"I am a mother now and I can’t do this anymore"
This week Jane settles down to enjoy the sunshine but Lillirose has other ideas...
What absolutely amazing weather we have been having! I am so glad I’m not stuck in an office and have the summer days to enjoy... well at least I could if Lillirose liked the sunshine, but unfortunately she hates it! Usually my free time during the summer is spent lying in the garden clad in a bikini, reading magazines and drinking cold drinks. I have had a real reality check this week – I am a mother now and I can’t do this anymore.
My first summer as a mother and what a shock to the system! During pregnancy I always thought that the baby would fit in with my life. I couldn’t have been more wrong – your life as a parent changes to suit your baby.
So my sunbathing days are over, ok I can deal with it. Still, I surprise myself with how I continue to be shocked at the smallest thing I can no longer do that I once took for granted - like driving with the music blaring!
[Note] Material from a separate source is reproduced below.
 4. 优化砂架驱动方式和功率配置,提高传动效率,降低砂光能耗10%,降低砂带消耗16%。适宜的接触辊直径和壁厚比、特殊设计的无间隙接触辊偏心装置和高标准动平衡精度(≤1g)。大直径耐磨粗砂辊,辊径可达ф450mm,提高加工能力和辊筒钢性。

Matt and I took Lillirose to Southend the other day, thinking the sea air would do her the world of good and we could have a lovely stroll along the front. Straight away there was a problem: we parked about two miles away from the pier, the sun was beating down incredibly hard and we hadn't banked on how windy it was going to be. So instead of 'enjoying the stroll' we spent the 45 minute walk to the beach trying to shield Lillirose from the wind and the sun by manoeuvring her parasol around madly, picking various dummies up as she spat them out in anger and trying to entertain her in such a way that she would somehow forget the gale force wind trying to blow her away and the sun beating down on her!
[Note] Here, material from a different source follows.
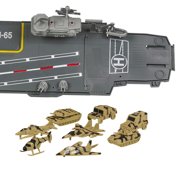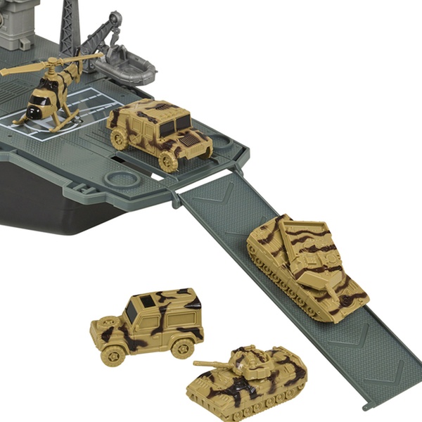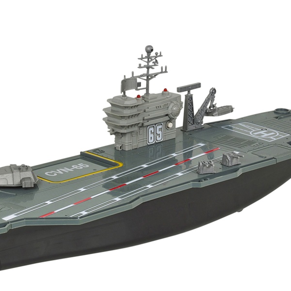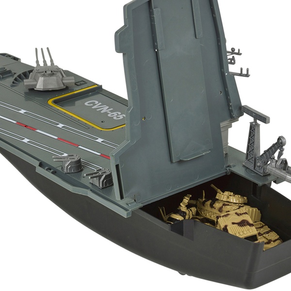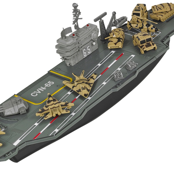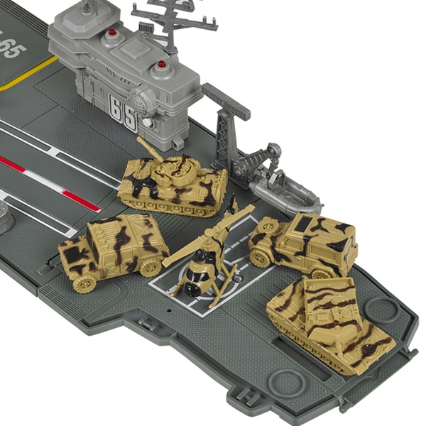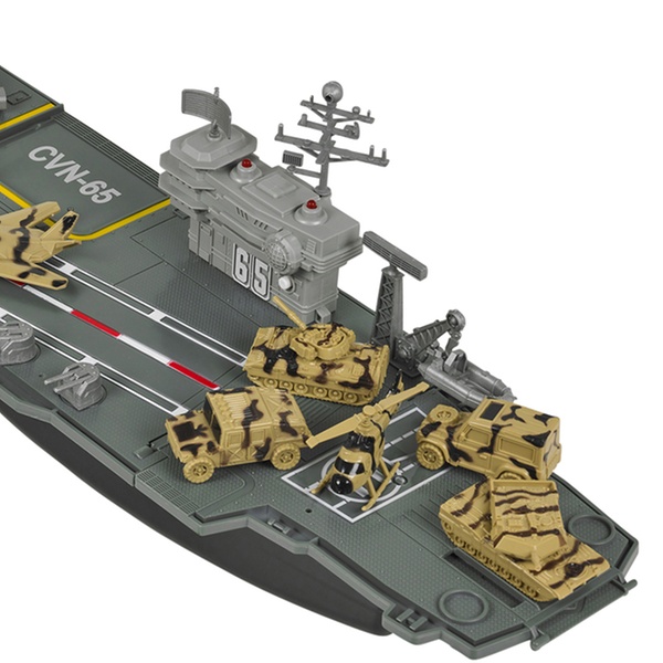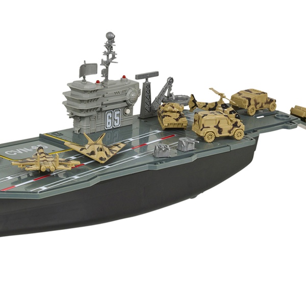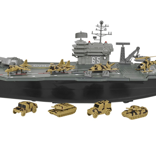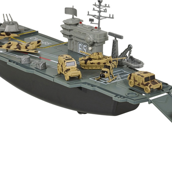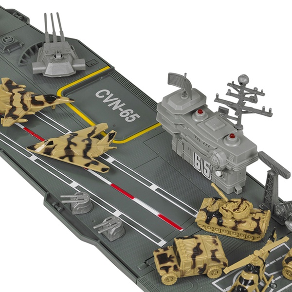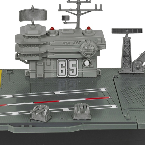 Prepare for battle with this large aircraft carrier playset, which includes a control tower with flashing lights and sounds

Needless to say, when we finally reached the centre in Southend we had an extremely cross baby to deal with. After grabbing some fish and chips we settled Lillirose and decided it was probably best to make the hike back to the car while she was asleep.
Having made it back to the car safely our luck didn't last because we got stuck in traffic for over an hour on the way home. Time for our grumpy little girl to wake up to two worn out and irritable parents. Roll on winter!